## TASK GOAL
Below are some records; give them all again exactly, but not the pictures.
*** PROVIDED INFORMATION Section Begins ***
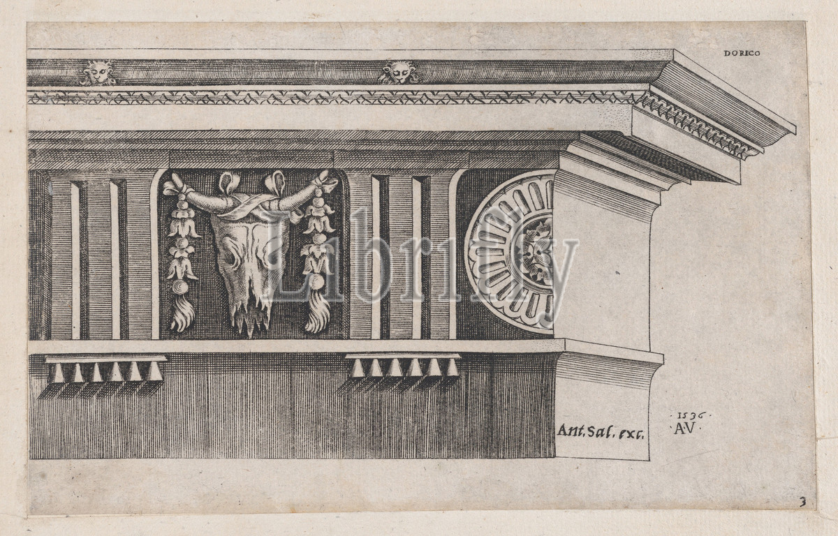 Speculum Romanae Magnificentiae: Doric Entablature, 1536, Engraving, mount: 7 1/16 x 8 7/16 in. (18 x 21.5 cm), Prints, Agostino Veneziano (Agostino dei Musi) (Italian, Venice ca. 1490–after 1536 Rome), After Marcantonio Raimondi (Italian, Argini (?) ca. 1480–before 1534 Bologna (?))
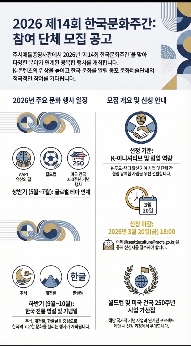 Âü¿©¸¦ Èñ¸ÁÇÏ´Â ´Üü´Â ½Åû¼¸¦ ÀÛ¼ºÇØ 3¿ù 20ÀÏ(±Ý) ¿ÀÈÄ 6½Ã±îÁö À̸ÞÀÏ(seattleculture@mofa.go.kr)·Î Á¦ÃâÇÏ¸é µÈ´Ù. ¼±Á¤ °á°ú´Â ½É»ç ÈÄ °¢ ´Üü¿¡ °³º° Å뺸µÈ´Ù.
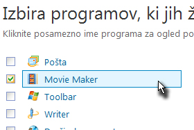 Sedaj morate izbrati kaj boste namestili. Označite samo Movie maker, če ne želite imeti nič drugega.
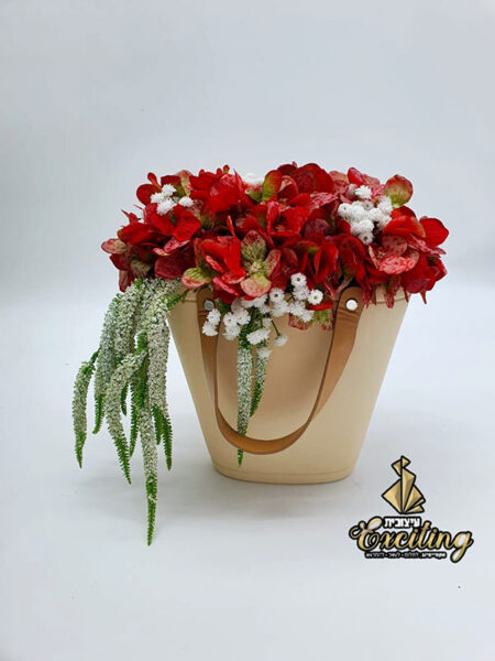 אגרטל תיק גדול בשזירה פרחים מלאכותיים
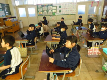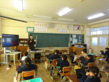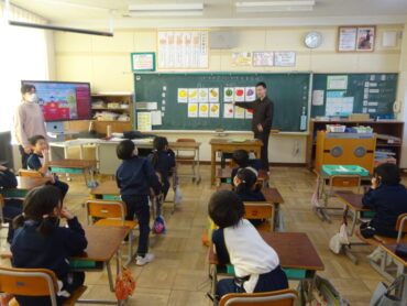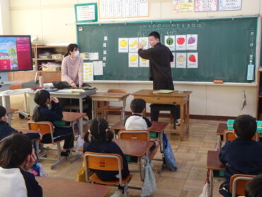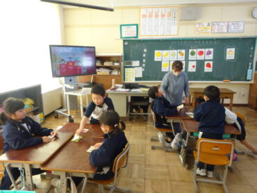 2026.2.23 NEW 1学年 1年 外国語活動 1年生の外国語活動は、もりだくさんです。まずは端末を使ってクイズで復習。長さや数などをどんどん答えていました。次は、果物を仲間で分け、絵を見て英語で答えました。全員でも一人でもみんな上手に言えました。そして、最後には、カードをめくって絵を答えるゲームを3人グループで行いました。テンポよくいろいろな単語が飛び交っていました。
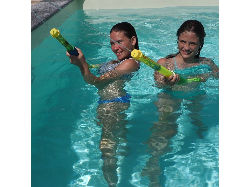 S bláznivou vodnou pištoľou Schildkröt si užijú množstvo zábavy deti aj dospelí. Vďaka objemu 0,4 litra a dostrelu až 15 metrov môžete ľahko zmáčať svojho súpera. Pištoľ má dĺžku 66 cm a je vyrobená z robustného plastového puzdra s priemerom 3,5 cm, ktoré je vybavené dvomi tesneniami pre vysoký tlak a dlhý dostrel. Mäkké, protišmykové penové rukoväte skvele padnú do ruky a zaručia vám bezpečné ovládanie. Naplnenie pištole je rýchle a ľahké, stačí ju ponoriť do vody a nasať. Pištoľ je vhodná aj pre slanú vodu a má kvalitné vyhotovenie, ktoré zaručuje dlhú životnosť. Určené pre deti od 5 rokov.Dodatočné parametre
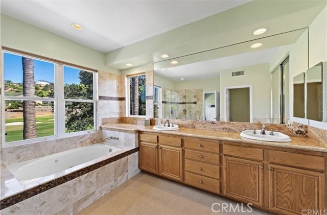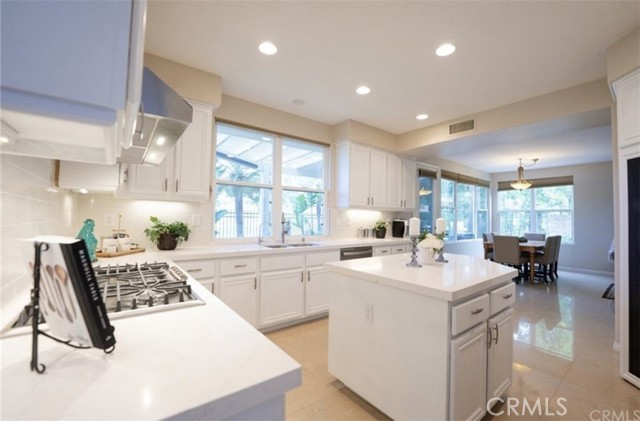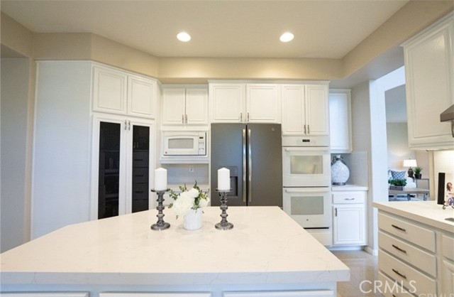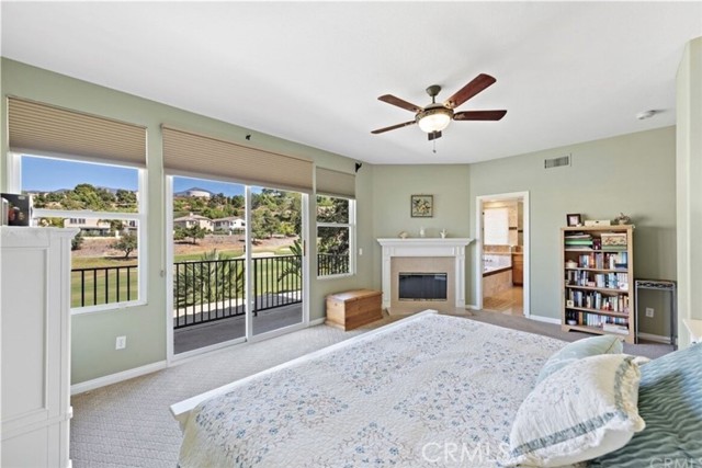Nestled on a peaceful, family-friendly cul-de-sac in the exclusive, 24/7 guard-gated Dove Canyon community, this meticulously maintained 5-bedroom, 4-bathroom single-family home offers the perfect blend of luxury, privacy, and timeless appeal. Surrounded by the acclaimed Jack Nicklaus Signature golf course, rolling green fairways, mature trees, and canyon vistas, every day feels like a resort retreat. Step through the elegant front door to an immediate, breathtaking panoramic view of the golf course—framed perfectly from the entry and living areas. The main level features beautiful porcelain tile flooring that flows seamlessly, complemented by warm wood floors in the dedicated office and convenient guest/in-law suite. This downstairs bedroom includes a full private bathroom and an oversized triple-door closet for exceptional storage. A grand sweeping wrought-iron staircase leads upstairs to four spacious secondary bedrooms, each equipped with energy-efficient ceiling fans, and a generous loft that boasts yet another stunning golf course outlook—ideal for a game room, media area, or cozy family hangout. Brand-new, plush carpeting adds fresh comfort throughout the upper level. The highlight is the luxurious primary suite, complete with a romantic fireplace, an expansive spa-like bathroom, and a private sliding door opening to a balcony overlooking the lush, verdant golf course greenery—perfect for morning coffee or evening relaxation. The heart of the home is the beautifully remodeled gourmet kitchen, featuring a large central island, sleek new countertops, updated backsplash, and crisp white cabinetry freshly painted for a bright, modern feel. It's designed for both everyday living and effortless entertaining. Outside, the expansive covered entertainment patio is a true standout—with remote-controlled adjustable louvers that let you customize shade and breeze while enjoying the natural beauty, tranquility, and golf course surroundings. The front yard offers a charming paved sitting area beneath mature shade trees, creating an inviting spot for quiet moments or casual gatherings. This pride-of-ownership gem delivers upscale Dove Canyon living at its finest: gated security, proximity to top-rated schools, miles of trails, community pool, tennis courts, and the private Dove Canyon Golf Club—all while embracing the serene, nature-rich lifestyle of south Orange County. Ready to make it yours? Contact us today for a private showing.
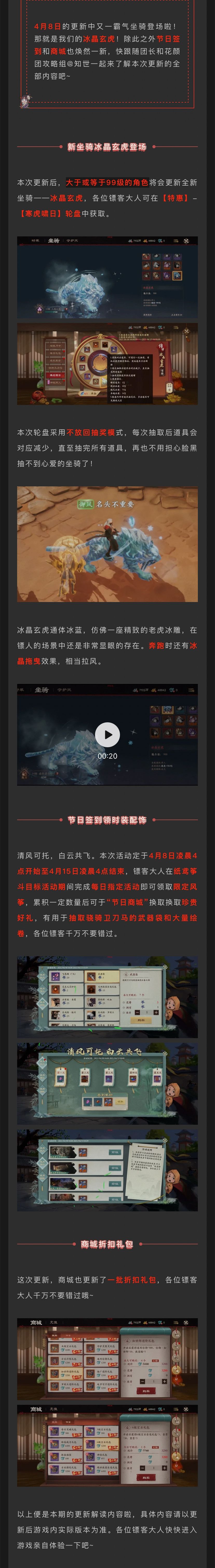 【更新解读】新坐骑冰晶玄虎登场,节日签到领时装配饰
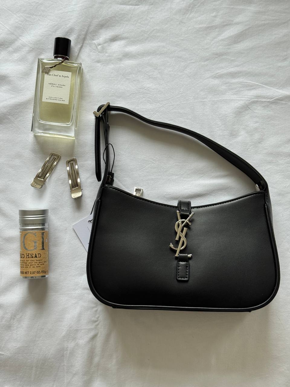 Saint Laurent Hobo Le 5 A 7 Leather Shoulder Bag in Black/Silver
*** PROVIDED INFORMATION Section Ends ***
## ANSWER TO THE PROBLEM
 Speculum Romanae Magnificentiae: Doric Entablature, 1536, Engraving, mount: 7 1/16 x 8 7/16 in. (18 x 21.5 cm), Prints, Agostino Veneziano (Agostino dei Musi) (Italian, Venice ca. 1490–after 1536 Rome), After Marcantonio Raimondi (Italian, Argini (?) ca. 1480–before 1534 Bologna (?))
 Âü¿©¸¦ Èñ¸ÁÇÏ´Â ´Üü´Â ½Åû¼¸¦ ÀÛ¼ºÇØ 3¿ù 20ÀÏ(±Ý) ¿ÀÈÄ 6½Ã±îÁö À̸ÞÀÏ(seattleculture@mofa.go.kr)·Î Á¦ÃâÇÏ¸é µÈ´Ù. ¼±Á¤ °á°ú´Â ½É»ç ÈÄ °¢ ´Üü¿¡ °³º° Å뺸µÈ´Ù.
 Sedaj morate izbrati kaj boste namestili. Označite samo Movie maker, če ne želite imeti nič drugega.
 אגרטל תיק גדול בשזירה פרחים מלאכותיים
 2026.2.23 NEW 1学年 1年 外国語活動 1年生の外国語活動は、もりだくさんです。まずは端末を使ってクイズで復習。長さや数などをどんどん答えていました。次は、果物を仲間で分け、絵を見て英語で答えました。全員でも一人でもみんな上手に言えました。そして、最後には、カードをめくって絵を答えるゲームを3人グループで行いました。テンポよくいろいろな単語が飛び交っていました。
 S bláznivou vodnou pištoľou Schildkröt si užijú množstvo zábavy deti aj dospelí. Vďaka objemu 0,4 litra a dostrelu až 15 metrov môžete ľahko zmáčať svojho súpera. Pištoľ má dĺžku 66 cm a je vyrobená z robustného plastového puzdra s priemerom 3,5 cm, ktoré je vybavené dvomi tesneniami pre vysoký tlak a dlhý dostrel. Mäkké, protišmykové penové rukoväte skvele padnú do ruky a zaručia vám bezpečné ovládanie. Naplnenie pištole je rýchle a ľahké, stačí ju ponoriť do vody a nasať. Pištoľ je vhodná aj pre slanú vodu a má kvalitné vyhotovenie, ktoré zaručuje dlhú životnosť. Určené pre deti od 5 rokov.Dodatočné parametre
Nestled on a peaceful, family-friendly cul-de-sac in the exclusive, 24/7 guard-gated Dove Canyon community, this meticulously maintained 5-bedroom, 4-bathroom single-family home offers the perfect blend of luxury, privacy, and timeless appeal. Surrounded by the acclaimed Jack Nicklaus Signature golf course, rolling green fairways, mature trees, and canyon vistas, every day feels like a resort retreat. Step through the elegant front door to an immediate, breathtaking panoramic view of the golf course—framed perfectly from the entry and living areas. The main level features beautiful porcelain tile flooring that flows seamlessly, complemented by warm wood floors in the dedicated office and convenient guest/in-law suite. This downstairs bedroom includes a full private bathroom and an oversized triple-door closet for exceptional storage. A grand sweeping wrought-iron staircase leads upstairs to four spacious secondary bedrooms, each equipped with energy-efficient ceiling fans, and a generous loft that boasts yet another stunning golf course outlook—ideal for a game room, media area, or cozy family hangout. Brand-new, plush carpeting adds fresh comfort throughout the upper level. The highlight is the luxurious primary suite, complete with a romantic fireplace, an expansive spa-like bathroom, and a private sliding door opening to a balcony overlooking the lush, verdant golf course greenery—perfect for morning coffee or evening relaxation. The heart of the home is the beautifully remodeled gourmet kitchen, featuring a large central island, sleek new countertops, updated backsplash, and crisp white cabinetry freshly painted for a bright, modern feel. It's designed for both everyday living and effortless entertaining. Outside, the expansive covered entertainment patio is a true standout—with remote-controlled adjustable louvers that let you customize shade and breeze while enjoying the natural beauty, tranquility, and golf course surroundings. The front yard offers a charming paved sitting area beneath mature shade trees, creating an inviting spot for quiet moments or casual gatherings. This pride-of-ownership gem delivers upscale Dove Canyon living at its finest: gated security, proximity to top-rated schools, miles of trails, community pool, tennis courts, and the private Dove Canyon Golf Club—all while embracing the serene, nature-rich lifestyle of south Orange County. Ready to make it yours? Contact us today for a private showing.
 【更新解读】新坐骑冰晶玄虎登场,节日签到领时装配饰
 Saint Laurent Hobo Le 5 A 7 Leather Shoulder Bag in Black/Silver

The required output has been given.